THE TASK:
Retype nothing but the lines from the start of the material up to and including the line with "秋冬のセーターの袖の女性の柔らかいモチモチのウサギの甘いニットの上着 ニット". Pictures don't belong in the copy.

DATA:
________________________

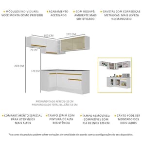 Dimensões do produto montado: Altura: 203cm | Largura: 160 x 172cm | Profundidade: 32cm (aéreos) - 53cm (balcão com tampo) *Você pode consultar as medidas internas na imagem técnica do produto.
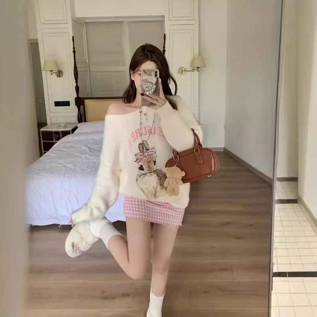 秋冬のセーターの袖の女性の柔らかいモチモチのウサギの甘いニットの上着 ニット
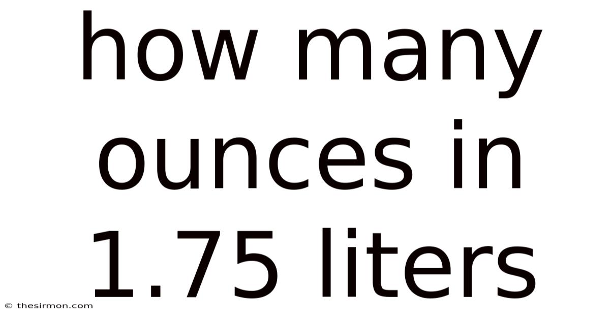 If you’reasking how many ounces in 1.75 liters, the quick answer is that 1.75 liters equals approximately 59.In real terms, 2 fluid ounces. And this conversion is essential for anyone working with recipes, scientific experiments, or everyday measurements that bridge the metric and imperial systems. In this article we’ll break down the math, explore the history behind the units, and provide practical examples so you can confidently convert any volume between liters and ounces That's the part that actually makes a difference. Worth knowing..
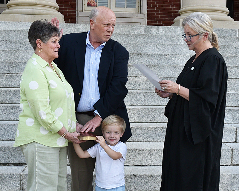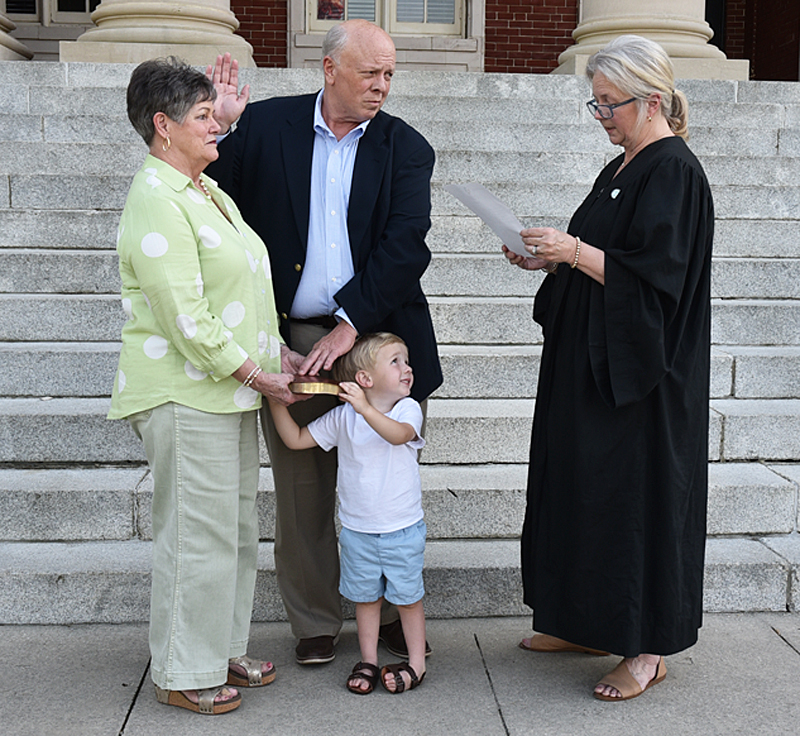 With many family and friends present, Chip Huggins, the new councilman for Dillon City District 3, was sworn into office on Monday night at the steps of the Dillon County Courthouse by his sister, Judge Salley McIntyre. At the Dillon City Council meeting during council reports, Huggins thanked the voters of District 3 for electing him and putting their trust in him for the next four years. He said he looked forward to working with council for the betterment of his district and the City of Dillon. He has an open door and said he would be glad to talk to anyone at any time. Huggins previously served as a councilman 29 years ago and brings a great deal of experience to the table.

________________________

ANSWER TO THIS TASK:
 Dimensões do produto montado: Altura: 203cm | Largura: 160 x 172cm | Profundidade: 32cm (aéreos) - 53cm (balcão com tampo) *Você pode consultar as medidas internas na imagem técnica do produto.
 秋冬のセーターの袖の女性の柔らかいモチモチのウサギの甘いニットの上着 ニット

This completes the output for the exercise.